-------- Recorded data --------

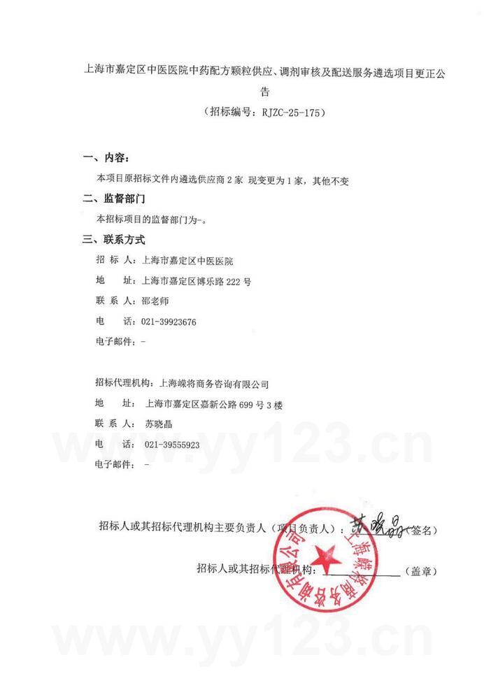 上海市嘉定区中医医院中药配方颗粒供应、调剂审核及配送服务遴选项目更正公告
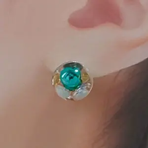 No.584 レジンピアス ハンドメイド 【球体】小ぶり 一粒 グリーン系
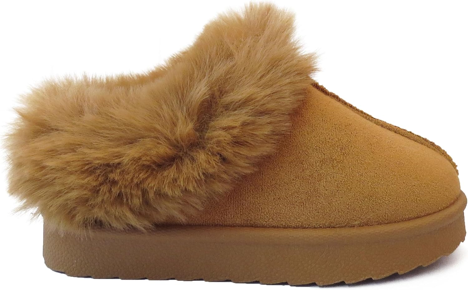 Keep your little one’s feet warm and stylish with these adorable kids’ girls’ slippers. Featuring a plush faux fur collar and lining, these slippers are perfect for cozy evenings and playful mornings. Crafted with a faux suede upper for a chic look.

--------

Task: Skip all pictures. Then give again, exactly, each line from the line holding "No.584 レジンピアス ハンドメイド 【球体】小ぶり 一粒 グリーン系" through the last line of the listing above, both ends included.

Exercise response:
 No.584 レジンピアス ハンドメイド 【球体】小ぶり 一粒 グリーン系
 Keep your little one’s feet warm and stylish with these adorable kids’ girls’ slippers. Featuring a plush faux fur collar and lining, these slippers are perfect for cozy evenings and playful mornings. Crafted with a faux suede upper for a chic look.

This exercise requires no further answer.